We drove up the rugged winding hills of the Costa Brava all weekend. Once we were out of the city, the road curved through mountains densely packed with pine, cork trees, aloe, cacti, eucalyptus. Near the French border, the wild jagged coastline gave way to the harsh mountainous regions of the Parc Natural del Cap de Creus, Dalí’s stomping ground. We arrived just before sundown and went up through the park all the way to the lighthouse. A soft beam of light was slowly circumnavigating the surrounding waters of the Mediterranean. Underfoot, the terrain was sharp, beige, black; full of holes, slits, craters. It looked like it had been sliced and hammered. We sat inside a rock that had been hollowed out by the waves. It was like a hammock made of stone. It was December. The winter sun was halfway down the sky. In the restaurant near the lighthouse, families were sitting down to order fresh fish, squid, octopus, sea urchins.

Ludo said, “If you lean over the edge, you might be able to see the Cova de s’Infern.”

I didn’t think anything of it. I leaned over to look at the Cave of Hell, a slanted slit in the rock that made the shadowy waters on the other side look like molten silver. By the time we got up to leave, the rocky, wind-battered plateau was backlit by a static orange-peel sky that gave me the impression of walking on the moon. I told Ludo as much.

“I suppose so,” he said in his usual humorless manner.

I turned back to look at the sea again. Below us, the Mediterranean, with its morbid, languorous temperament, looked vast, infinite, intimidating.



We drove back down the coast. We stopped at the Cala de la Fosca because Ludo wanted to look at the famous castle that sits on the edge of the beach’s brass-colored cliffs. I walked along the shore barefoot. Ludo pushed his way up the cliff to the castle. He stopped at this or that rock to wave forcefully in my direction and yell that I was missing out or to chastise me for not exerting sufficient physical effort, for neglecting to capitalize on the complicity and happiness that our drive up and down the coast promised to offer. I yelled back to Ludo that only goats are meant to hike up such a steep cliff and that, besides, my feet had gone numb from wading in the cold winter water.

“It’s not that steep,” he yelled.

I ignored him. He looked smaller the farther up the cliff he hiked.

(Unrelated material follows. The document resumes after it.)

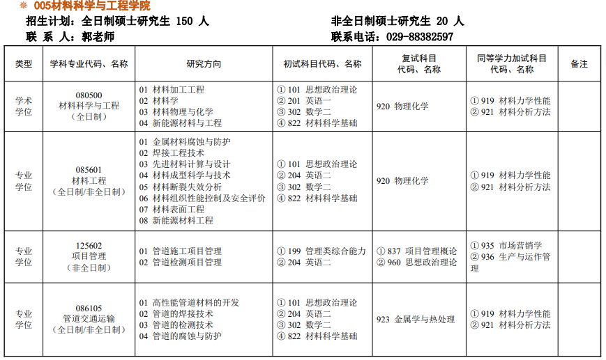 豪门国际 现拥有材料科学与工程硕士学位授权一级学科(该学科为省级优势学科),材料与化工硕士专业学位授权类别,是陕西省博士后创新基地,具有较为完整的人才培养体系。豪门国际 现有在读研究生258人。豪门国际 拥有“石油专用管的腐蚀与防护”陕西省重点科技创新团队、“焊接技术与工程”陕西省教学团队、新能源与新材料研究院、陕西省焊接钢管工程技术研究中心(共建)、现代分析测试中心,具有先进的分析与检测仪器和设备。

Overhead, the sky was white, as thin as glass, about to vanish. Ludo disappeared behind a wall of pines, and I waited for my father to stir. Nothing happened. I looked for dead fish. I found one at the opposite end of the bay from the castle—a sea bass—that had been tangled up in driftwood and kelp. It had been pecked at by seagulls; it smelled like death. I crouched down and sniffed it, hoping to trigger my father’s presence, to get his blood to move the way it had on those last days of his life when I would take him to Brighton Beach and he would dig his cane into the sand and morosely move his eyes from side to side, furious at his looming death in the so-called New World but resigned to it nonetheless. I needed confirmation that he was still there. That he hadn’t turned his back on me. What would I do if I was left with no one other than Ludo, a faulty descendent of the Bembos? But nothing worked. My void remained hollow, empty. I was about to faint from the rotten smell of the dead fish when I heard Ludo’s voice. He was right behind me. I turned to look at him. He had a rabbity grin on his face. He was standing there with his arms at his waist.